Der alte Affe Angst A Film by Oskar Roehler
Oskar Roehler’s Der alte Affe Angst (Angst) begins abruptly, right smack in the middle of the story a grand opening. We find ourselves one evening witnessing a marriage spat that swiftly escalates, a quarrel that cuts to the bone, a fight that can draw blood. Soon the couple are yelling and screaming as they blame each other. They hit hard in the soft spots because they want to hurt each other. The wife Marie (Marie Bäumer), a doctor in a children’s clinic, yells her guts out from sheer despair and desperation. She accuses her husband Robert (André Hennicke), a stage director, of not loving her any more, of not wanting to make love to her. But he really does love her. It’s just that his penis is not up to it any more!
Roehler’s Suck My Dick (2001) (reviewed in KINO 76) comes to mind. That film, too, is the story of a penis, which a writer unexpectedly loses overnight, leaving him frantic and distraught. As in Suck, the poor guy in Angst is not up to it any more either. So he visits a therapist and seeks advice from whoever can possibly help him. He even visits a porno shop in an attempt to recharge his tired batteries. These scenes deftly balance the comic with the serious. And so it goes for 90 minutes a couple of intimate soul-mates, who neither want nor can separate, just can’t make it in bed.
Angst was one of the three German feature films invited to compete for the Golden Bear at the 2003 Berlinale. During its screening in the Berlinale Palast, a good friend of mine from New York, a true cinéaste, had had enough after 40 minutes and left with the comment: »I don’t really care whether they make love or not!« Well, the best was yet to come. And, believe it or not, there is a happy end.
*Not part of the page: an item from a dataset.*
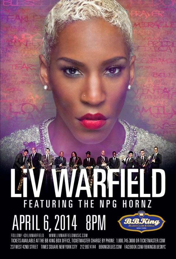 Liv Warfield & The NPG Hornz are going to perform in New York on April 6th, 2014 at B.B. King Blues Club. That is 2 days after her performance on The Late Show With David Letterman.

Some scenes are profoundly poignant, others delightfully funny. When Robert and Wolfgang (Herbert Knaup), an erstwhile friend and colleague, get high on pot in a restroom, they rib the hell out of the arts scene in a spontaneous sketch that teases and pleases. Hermann Beyer and Jutta Hoffmann, two veteran stage and screen actors, are memorable as Marie’s caring yet puzzled parents. And after Marie has attempted suicide, to be saved at the last minute by Robert, we see the pair at the end dancing like kids on a green meadow, Robert with flowers in his hair! Kind of preposterous? For Oskar Roehler, it’s just a movie. Remember how Roehler sketched the fate of his own mother, Gisela Elsner, in Die Unberührbare (No Place to Go) (1999). In a manner of speaking Angst picks up where No Place to Go (reviewed in KINO 73) left off. This time, the focus is on the director’s father, the writer Klaus Roehler, who could come home drunk and growl from the depths of his soul: »Der alte Affe Angst, der alte Affe Angst ...« Played by Vadim Glowna with profound feeling, the sick old writer in the throes of cancer laments how he just can’t pull himself together to finish his all-important novel. Death, once again, has come knocking on the door. And Oskar Roehler, the consummate film director who knows his milieu inside out, also knows just when to open the window to let in a breath of fresh air. Angst, you might say, is the reverse side of Die Unberührbare.
Shot in cinemascope, Hagan Bogdanski’s camera enriches the story with details that add depth and atmosphere to this intensely lived psychodrama about love triumphing over fear. Marie Bäumer was awarded the Bavarian Film Prize for Best Actress.